Stateless callbacks ensure that a user data pointer only needs to live during a
single function call. This means that the user code (or language runtime) can
move the data around at will, as long as it sets the new location in the
callback.
**How?**
We are doing this change one callback at a time. After each callback, we ensure
that everything still works as expected. This means the toxcore change will
require 15 Pull Requests.
Also, fix the hstox build that was taking half an hour. It now takes 5 minutes.
Also, perform distcheck on travis to ensure that make dist works.
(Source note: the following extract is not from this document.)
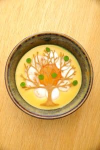 Certainement pas chez moi car, de toutes façons, je ne suis jamais assez satisfait ! Mais je garde un souvenir fort d’émotion gustative au Japon, chez le Chef Toru Okuda. Il est réputé au Japon pour sa maîtrise de la cuisine kaiseki, la haute cuisine impériale de Kyoto.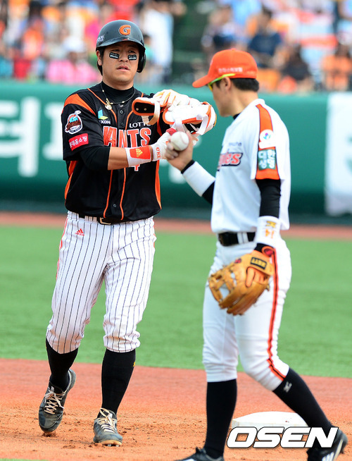 현충일인 6일 오후 대전구장에서 열린 '2012 팔도 프로야구' 한화 이글스와 롯데 자이언츠의 경기, 4회초 1사 2루에서 롯데 강민호가 동점 적시타를 날리고 타임을 외치고 있다.

It's not
actually failing the build at the moment due to broken tests.
> increased the timeout for TCP tests because per @irungentoo the network on Travis-CI can be slow sometimes
> allowed groupchats test to restart on error until timeout This had to be done because current groupchats are fundamentally broken and 3/5 times they'll 'net-split' on connect
>> Drop group chat tests, add comment to the reason
> added some debugging information to TCP tests, and a #define to force IPV6 (Travis-CI only uses IPv4 on their containers) and decreased the itr interval
> Went crazy with timeouts for Tox network stuff on Travis. Tests on TCP will still randomly fail due to timeouts. I can't reproduce on any local system. So again per @irungentoo, Travis is slow, let's offer it a short bus.